# WORK ITEM
Include in the output exactly the lines from the opening of the data through the line containing "Na screenshotu je", and nothing more.
-------- AVAILABLE RECORDS --------
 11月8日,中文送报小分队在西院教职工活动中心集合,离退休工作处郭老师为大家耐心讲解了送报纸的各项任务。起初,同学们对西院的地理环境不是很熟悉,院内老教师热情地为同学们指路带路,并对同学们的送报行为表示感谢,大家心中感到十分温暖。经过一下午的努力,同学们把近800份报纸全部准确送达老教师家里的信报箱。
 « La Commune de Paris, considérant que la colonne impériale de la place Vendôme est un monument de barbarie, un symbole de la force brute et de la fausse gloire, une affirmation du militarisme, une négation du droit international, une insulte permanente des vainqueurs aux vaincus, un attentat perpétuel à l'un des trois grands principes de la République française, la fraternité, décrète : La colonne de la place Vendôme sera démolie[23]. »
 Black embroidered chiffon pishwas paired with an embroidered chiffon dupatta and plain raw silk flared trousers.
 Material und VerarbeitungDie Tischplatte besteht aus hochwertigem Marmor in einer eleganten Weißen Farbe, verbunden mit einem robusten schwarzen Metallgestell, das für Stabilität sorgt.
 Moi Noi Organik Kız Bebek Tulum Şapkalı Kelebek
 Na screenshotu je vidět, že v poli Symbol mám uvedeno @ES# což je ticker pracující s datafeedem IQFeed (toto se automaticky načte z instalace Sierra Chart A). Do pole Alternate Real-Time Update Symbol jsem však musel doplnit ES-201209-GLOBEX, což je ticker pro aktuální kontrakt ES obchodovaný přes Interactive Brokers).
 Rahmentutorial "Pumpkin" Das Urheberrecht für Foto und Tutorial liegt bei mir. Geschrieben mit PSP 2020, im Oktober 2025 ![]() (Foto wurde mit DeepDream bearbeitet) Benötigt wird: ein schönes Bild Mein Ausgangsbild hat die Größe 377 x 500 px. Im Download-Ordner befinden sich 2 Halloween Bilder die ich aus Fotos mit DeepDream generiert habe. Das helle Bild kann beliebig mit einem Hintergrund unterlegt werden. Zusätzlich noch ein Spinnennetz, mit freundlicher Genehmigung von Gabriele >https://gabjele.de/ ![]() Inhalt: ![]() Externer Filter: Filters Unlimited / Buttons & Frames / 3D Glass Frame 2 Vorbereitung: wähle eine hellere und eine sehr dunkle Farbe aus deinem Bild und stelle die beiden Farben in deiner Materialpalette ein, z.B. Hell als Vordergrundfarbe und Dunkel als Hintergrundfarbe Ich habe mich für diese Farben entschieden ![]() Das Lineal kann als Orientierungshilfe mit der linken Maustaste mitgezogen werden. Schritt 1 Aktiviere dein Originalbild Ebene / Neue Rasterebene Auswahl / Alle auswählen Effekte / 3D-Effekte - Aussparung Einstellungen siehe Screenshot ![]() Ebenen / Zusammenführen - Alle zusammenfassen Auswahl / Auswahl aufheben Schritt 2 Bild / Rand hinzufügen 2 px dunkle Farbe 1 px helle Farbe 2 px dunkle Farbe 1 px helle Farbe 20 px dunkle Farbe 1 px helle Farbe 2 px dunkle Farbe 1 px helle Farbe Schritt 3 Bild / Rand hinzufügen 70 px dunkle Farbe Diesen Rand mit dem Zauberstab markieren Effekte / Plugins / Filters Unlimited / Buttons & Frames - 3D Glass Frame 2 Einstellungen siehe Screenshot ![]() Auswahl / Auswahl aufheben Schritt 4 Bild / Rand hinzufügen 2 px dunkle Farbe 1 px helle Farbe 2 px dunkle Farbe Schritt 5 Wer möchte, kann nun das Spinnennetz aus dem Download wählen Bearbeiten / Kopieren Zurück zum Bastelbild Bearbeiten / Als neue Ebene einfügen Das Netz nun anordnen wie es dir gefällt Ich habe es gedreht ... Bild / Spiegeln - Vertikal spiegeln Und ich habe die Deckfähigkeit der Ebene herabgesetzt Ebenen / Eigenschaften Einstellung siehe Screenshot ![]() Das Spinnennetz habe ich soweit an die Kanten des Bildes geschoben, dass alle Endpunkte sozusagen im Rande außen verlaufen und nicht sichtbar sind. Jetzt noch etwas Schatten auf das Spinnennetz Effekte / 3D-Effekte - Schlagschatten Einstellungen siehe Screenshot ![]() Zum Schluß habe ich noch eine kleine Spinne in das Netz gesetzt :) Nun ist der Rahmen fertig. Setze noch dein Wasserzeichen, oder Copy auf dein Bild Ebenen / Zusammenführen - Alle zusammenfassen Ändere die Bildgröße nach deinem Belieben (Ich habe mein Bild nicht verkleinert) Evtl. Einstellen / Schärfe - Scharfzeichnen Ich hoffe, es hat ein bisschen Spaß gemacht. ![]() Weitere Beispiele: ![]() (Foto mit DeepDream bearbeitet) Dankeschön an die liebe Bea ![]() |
--------
# OUTPUT
 11月8日,中文送报小分队在西院教职工活动中心集合,离退休工作处郭老师为大家耐心讲解了送报纸的各项任务。起初,同学们对西院的地理环境不是很熟悉,院内老教师热情地为同学们指路带路,并对同学们的送报行为表示感谢,大家心中感到十分温暖。经过一下午的努力,同学们把近800份报纸全部准确送达老教师家里的信报箱。
 « La Commune de Paris, considérant que la colonne impériale de la place Vendôme est un monument de barbarie, un symbole de la force brute et de la fausse gloire, une affirmation du militarisme, une négation du droit international, une insulte permanente des vainqueurs aux vaincus, un attentat perpétuel à l'un des trois grands principes de la République française, la fraternité, décrète : La colonne de la place Vendôme sera démolie[23]. »
 Black embroidered chiffon pishwas paired with an embroidered chiffon dupatta and plain raw silk flared trousers.
 Material und VerarbeitungDie Tischplatte besteht aus hochwertigem Marmor in einer eleganten Weißen Farbe, verbunden mit einem robusten schwarzen Metallgestell, das für Stabilität sorgt.
 Moi Noi Organik Kız Bebek Tulum Şapkalı Kelebek
 Na screenshotu je vidět, že v poli Symbol mám uvedeno @ES# což je ticker pracující s datafeedem IQFeed (toto se automaticky načte z instalace Sierra Chart A). Do pole Alternate Real-Time Update Symbol jsem však musel doplnit ES-201209-GLOBEX, což je ticker pro aktuální kontrakt ES obchodovaný přes Interactive Brokers).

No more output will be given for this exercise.